WASHINGTON — Congress is apparently not done cutting taxes, even after passing a $1.5 trillion tax overhaul last year.
The deal struck by Democrats and Republicans on Monday to end a brief government shutdown contains $31 billion in tax cuts, including a temporary delay in implementing three health care-related taxes.
Those delays, which enjoy varying degrees of bipartisan support, are not offset by any spending cuts or tax increases, and thus will add to a federal budget deficit that is already projected to increase rapidly as last year’s mammoth new tax law takes effect.
The Congressional Budget Office said this month that the federal budget deficit reached $228 billion in the first three months of the current fiscal year, $18 billion more than the deficit in the first quarter of fiscal 2017, despite strong economic growth.
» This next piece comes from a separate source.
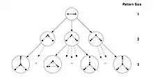 Schreiber and Schwöbbermeyer [12] proposed an algorithm named flexible pattern finder (FPF) for extracting frequent sub-graphs of an input network and implemented it in a system named Mavisto.[27] Their algorithm exploits the downward closure property which is applicable for frequency concepts F2 and F3. The downward closure property asserts that the frequency for sub-graphs decrease monotonically by increasing the size of sub-graphs; however, this property does not hold necessarily for frequency concept F1. FPF is based on a pattern tree (see figure) consisting of nodes that represents different graphs (or patterns), where the parent of each node is a sub-graph of its children nodes; in other words, the corresponding graph of each pattern tree's node is expanded by adding a new edge to the graph of its parent node.

And that was before the tax cuts kicked in.
“All the finger pointing has overshadowed the discussion about the actual substance of the budget deal,” said Maya MacGuineas, president of the Committee for a Responsible Federal Budget, “and many lawmakers don’t even seem to care that the deal they are considering — which will almost certainly include even more tax cuts following the unaffordable tax bill Congress just passed, as well as new spending increases — will add tens of billions to the deficit. There is almost zero discussion of the ongoing damage on the nation’s finances.”